Give an exact copy of the data that follows, but none of its pictures.

### Task input

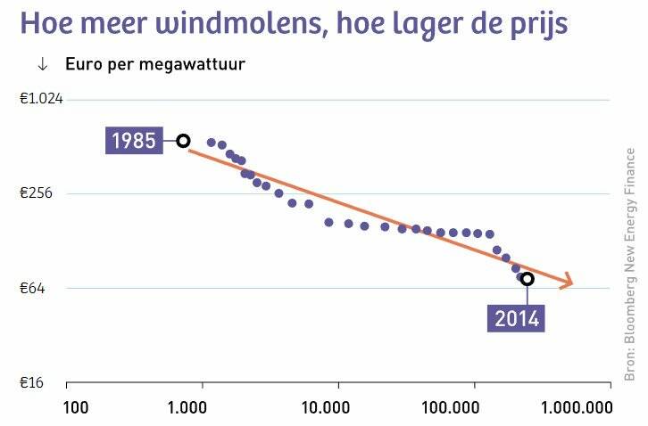 Elke keer dat de productiecapaciteit voor windmolens verdubbelt, daalt de prijs van de molens met ongeveer 19 procent, Als we hier de groei van de afgelopen tien jaar doortrekken zitten we in 2030 op drie verdubbelingen van het jaarlijkse productievolume. Dat zou bijna een halvering van de prijs betekenen.
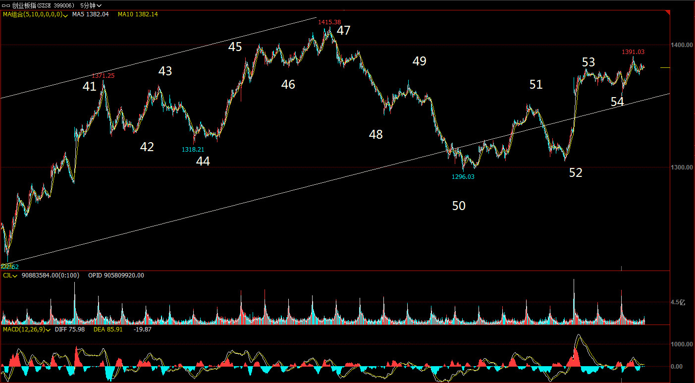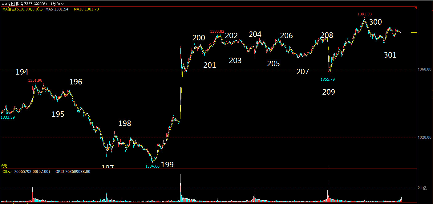 创业板:创业板依旧比主板强,5分钟上顶出了背驰段
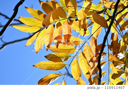 ムクロジ(無患子)の黄葉 / 果実はサポニンを含み泡立つので昭和初期まで石鹸やシャンプーとして利用。
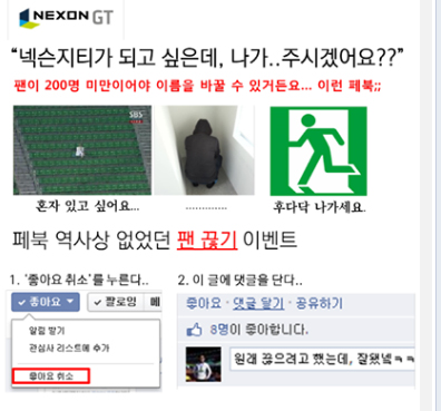 ... 이유는 페이스북 정책상 200개 이상의 좋아요가 있으면 페북 이름을 바꿀 수 없기 때문이다. 전신인 게임하이에서 이름을 바꿀 것으로 생각도 못했던 상황에서 넥슨지티로 문패를 바꿨으나 페이스북 이름은 여전히 게임하이에 머물러 있다. 이 때문에 넥슨지티는 일부러 좋아요를 취소하
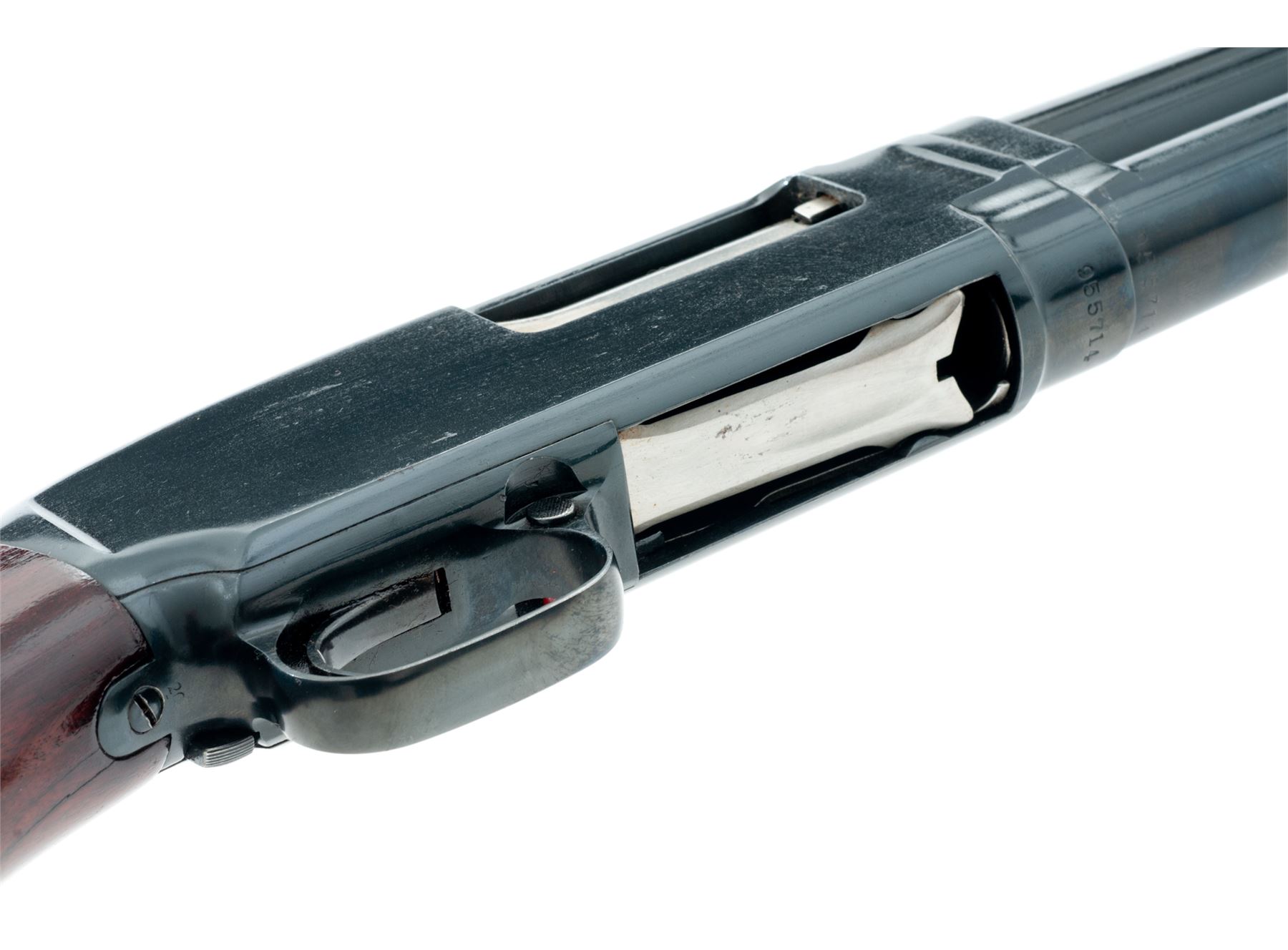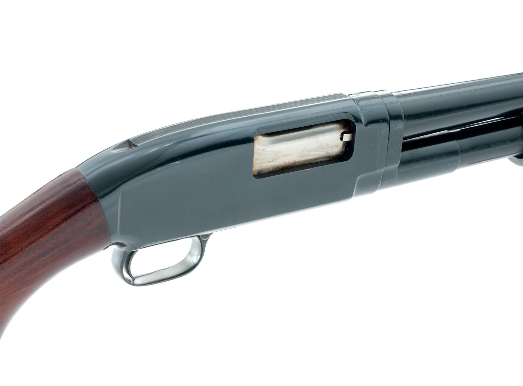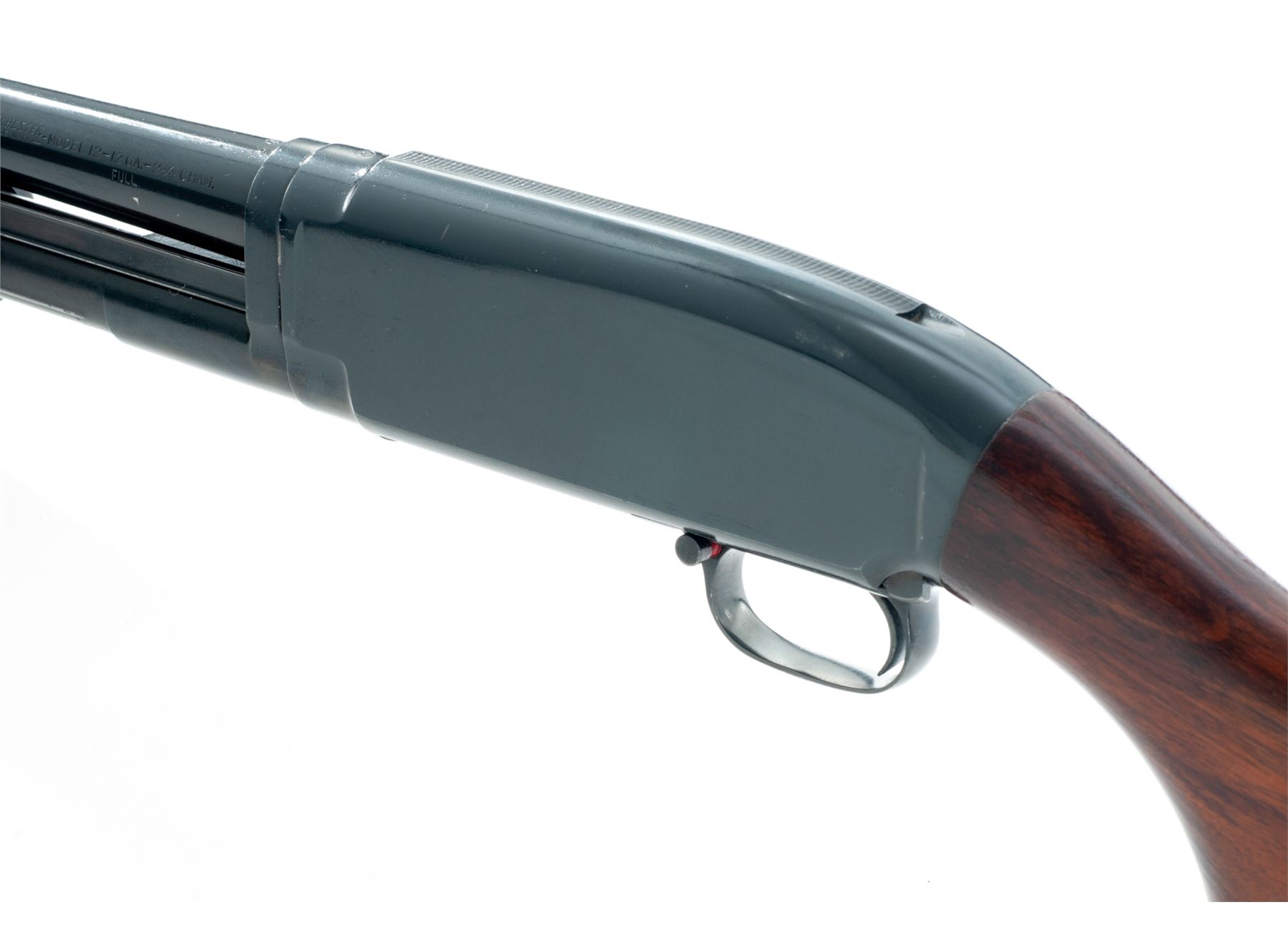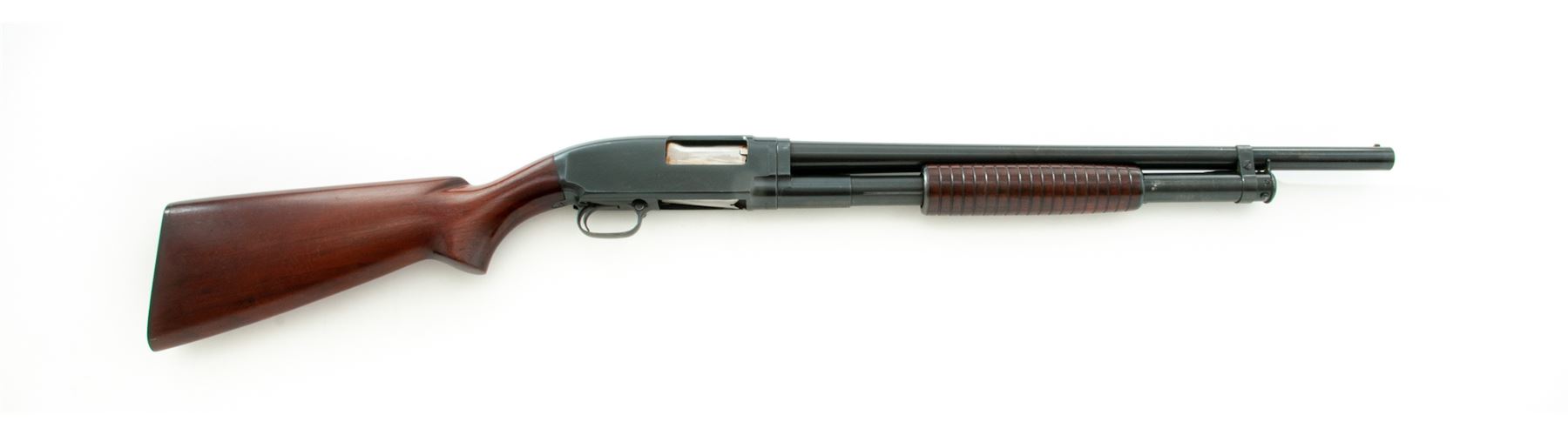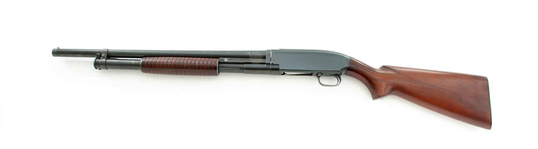 Winchester Model 12 Field Grade Slide-Action Shotgun, #955714. 12 ga. 21'' plain barrel has 2-3/4'' chamber and Cylinder bore (no choke) after being shortened. Original grooved forend and pistol-grip buttstock appear original and have a pre-1959 Winchester buttplate. Mfg'd 1942. Condition is very good with shortened barrel. Action appears to function well; there are numerous handling marks in the wood and some residual adhesive on receiver. Est.: $250-$350. (C&R)
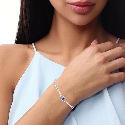• OJO BRACELET DESIGN: Featuring the Evil Eye pattern, embellished with blue cubic zirconia stones, double-layer chain design, silver bead decorations, adjustable length bracelet, stylish for various occasions.
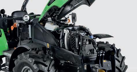 conjunto de soluciones que también contribuye a reducir al mínimo el consumo de combustible. DEUTZ-FAHR ha diseñado magistralmente el sistema de postratamiento de los gases de escape para que no afecte a las dimensiones totales del tractor y poder mantener la baja altura del capó y de los guardabarros traseros.
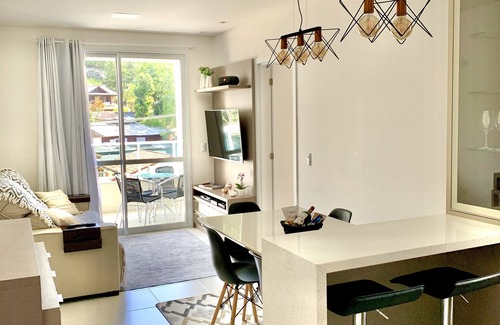 🔳 Living / Dining Room equipped with a table for 5 people together with a bar-style bench for 2 more people. Comfortable extendable sofa, SmarTV 50 ”with Netflix, YouTube, Playstation 3, HD NET Channels, JBL Extreme and 35MB Wi-Fi.
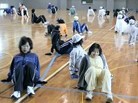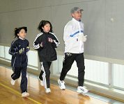 | A練習風景:2005年最後の例会です。体育館の室温は3℃。晴れてきましたが積雪で走路状況が悪いので体育館での周回ランニングです。最後に和田さんの音頭で手締め。 次回例会は1月8日(日)です。 来年も元気でお会いしましょう。 |
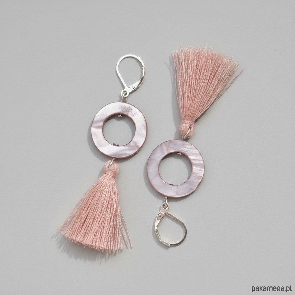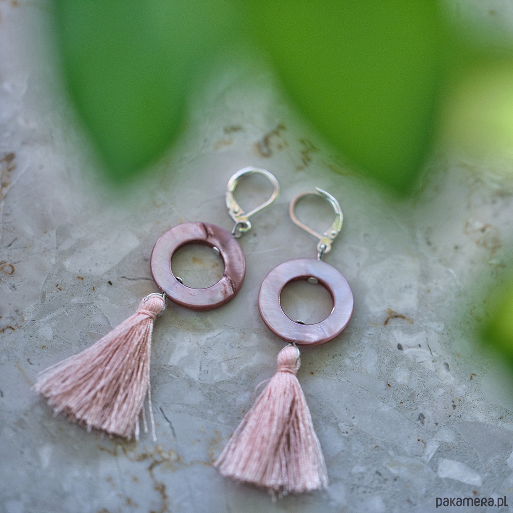 Kolczyki w kształcie kółek wykonane z masy perłowej, zdobione chwostami w kolorze pudrowego różu, to idealny dodatek dla kobiet lubiących styl boho. Doskonale komponują się z koronkami i falbanami, a dla Panny Młodej stanowią ciekawą alternatywę dla klasycznych kolczyków. Kolczyki są unikatowe, więc możesz mieć pewność, że nosić będziesz coś wyjątkowego.
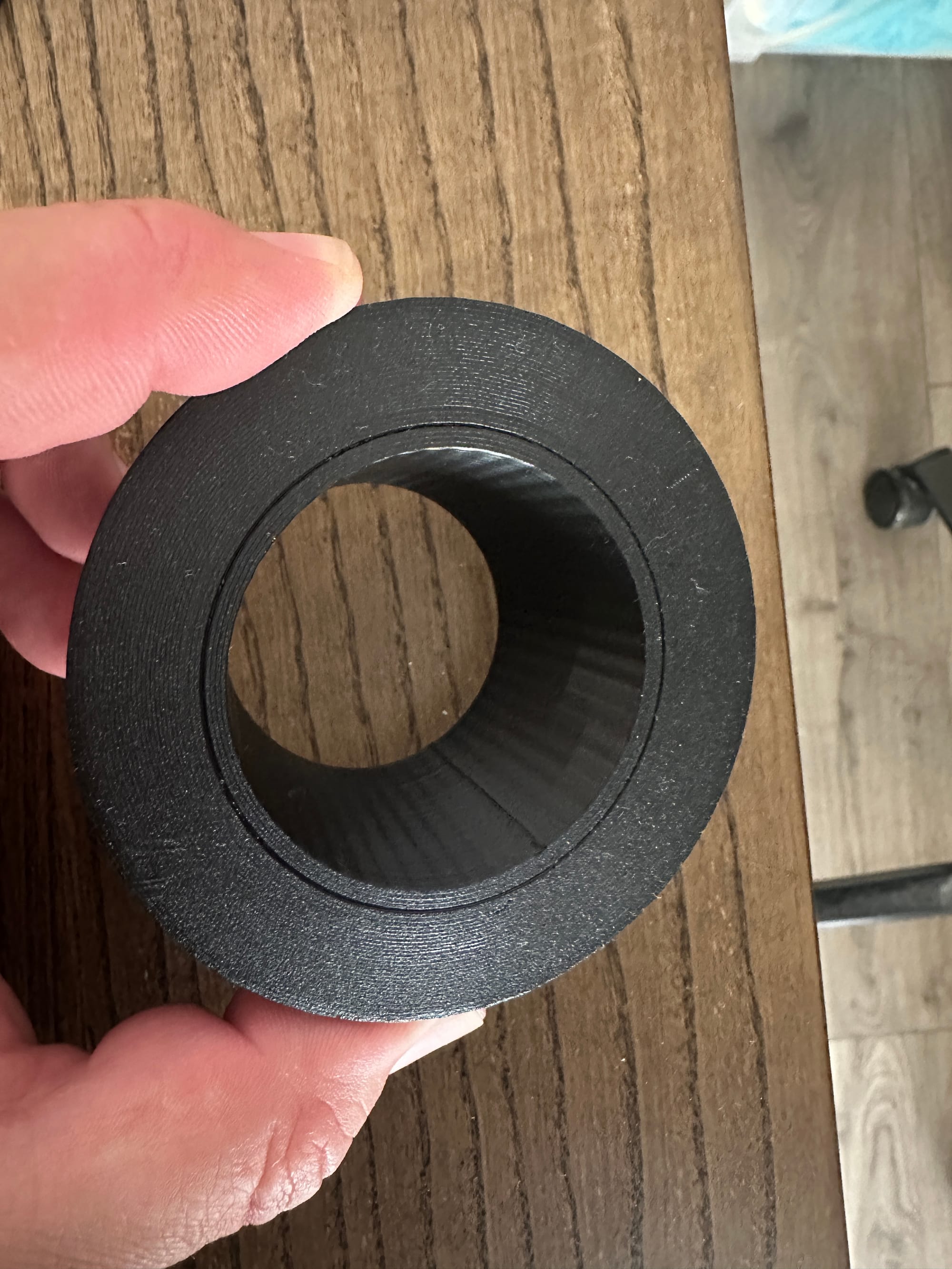 I redesigned the piece with a tapered profile, making it slightly larger on the entry side and slightly smaller on the opposite end. This meant that when I pushed it onto the chair pole, the narrower section would flex just enough to clamp tightly in place. The result was a snug, secure fit that didn’t scrape the floor and didn’t move unless I wanted it to. It solved the problem cleanly, permanently, and without requiring any ongoing effort from me.
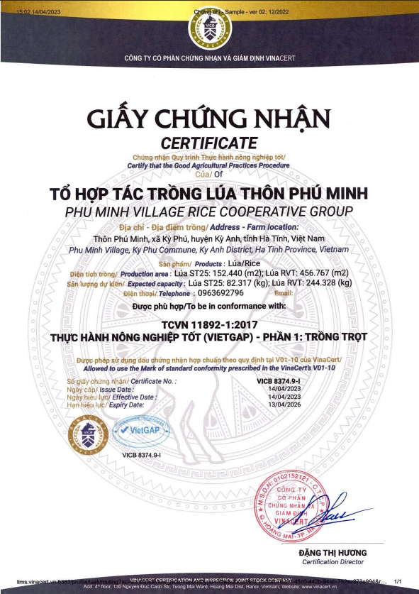 | Cơ sở sản xuất | Hợp tác xã dịch vụ nông nghiệp Kỳ Phú |

######

Task solution ->
 Elke keer dat de productiecapaciteit voor windmolens verdubbelt, daalt de prijs van de molens met ongeveer 19 procent, Als we hier de groei van de afgelopen tien jaar doortrekken zitten we in 2030 op drie verdubbelingen van het jaarlijkse productievolume. Dat zou bijna een halvering van de prijs betekenen.
 创业板:创业板依旧比主板强,5分钟上顶出了背驰段
 ムクロジ(無患子)の黄葉 / 果実はサポニンを含み泡立つので昭和初期まで石鹸やシャンプーとして利用。
 ... 이유는 페이스북 정책상 200개 이상의 좋아요가 있으면 페북 이름을 바꿀 수 없기 때문이다. 전신인 게임하이에서 이름을 바꿀 것으로 생각도 못했던 상황에서 넥슨지티로 문패를 바꿨으나 페이스북 이름은 여전히 게임하이에 머물러 있다. 이 때문에 넥슨지티는 일부러 좋아요를 취소하
 Winchester Model 12 Field Grade Slide-Action Shotgun, #955714. 12 ga. 21'' plain barrel has 2-3/4'' chamber and Cylinder bore (no choke) after being shortened. Original grooved forend and pistol-grip buttstock appear original and have a pre-1959 Winchester buttplate. Mfg'd 1942. Condition is very good with shortened barrel. Action appears to function well; there are numerous handling marks in the wood and some residual adhesive on receiver. Est.: $250-$350. (C&R)
• OJO BRACELET DESIGN: Featuring the Evil Eye pattern, embellished with blue cubic zirconia stones, double-layer chain design, silver bead decorations, adjustable length bracelet, stylish for various occasions.
 conjunto de soluciones que también contribuye a reducir al mínimo el consumo de combustible. DEUTZ-FAHR ha diseñado magistralmente el sistema de postratamiento de los gases de escape para que no afecte a las dimensiones totales del tractor y poder mantener la baja altura del capó y de los guardabarros traseros.
 🔳 Living / Dining Room equipped with a table for 5 people together with a bar-style bench for 2 more people. Comfortable extendable sofa, SmarTV 50 ”with Netflix, YouTube, Playstation 3, HD NET Channels, JBL Extreme and 35MB Wi-Fi.
 | A練習風景:2005年最後の例会です。体育館の室温は3℃。晴れてきましたが積雪で走路状況が悪いので体育館での周回ランニングです。最後に和田さんの音頭で手締め。 次回例会は1月8日(日)です。 来年も元気でお会いしましょう。 |
 Kolczyki w kształcie kółek wykonane z masy perłowej, zdobione chwostami w kolorze pudrowego różu, to idealny dodatek dla kobiet lubiących styl boho. Doskonale komponują się z koronkami i falbanami, a dla Panny Młodej stanowią ciekawą alternatywę dla klasycznych kolczyków. Kolczyki są unikatowe, więc możesz mieć pewność, że nosić będziesz coś wyjątkowego.
 I redesigned the piece with a tapered profile, making it slightly larger on the entry side and slightly smaller on the opposite end. This meant that when I pushed it onto the chair pole, the narrower section would flex just enough to clamp tightly in place. The result was a snug, secure fit that didn’t scrape the floor and didn’t move unless I wanted it to. It solved the problem cleanly, permanently, and without requiring any ongoing effort from me.
 | Cơ sở sản xuất | Hợp tác xã dịch vụ nông nghiệp Kỳ Phú |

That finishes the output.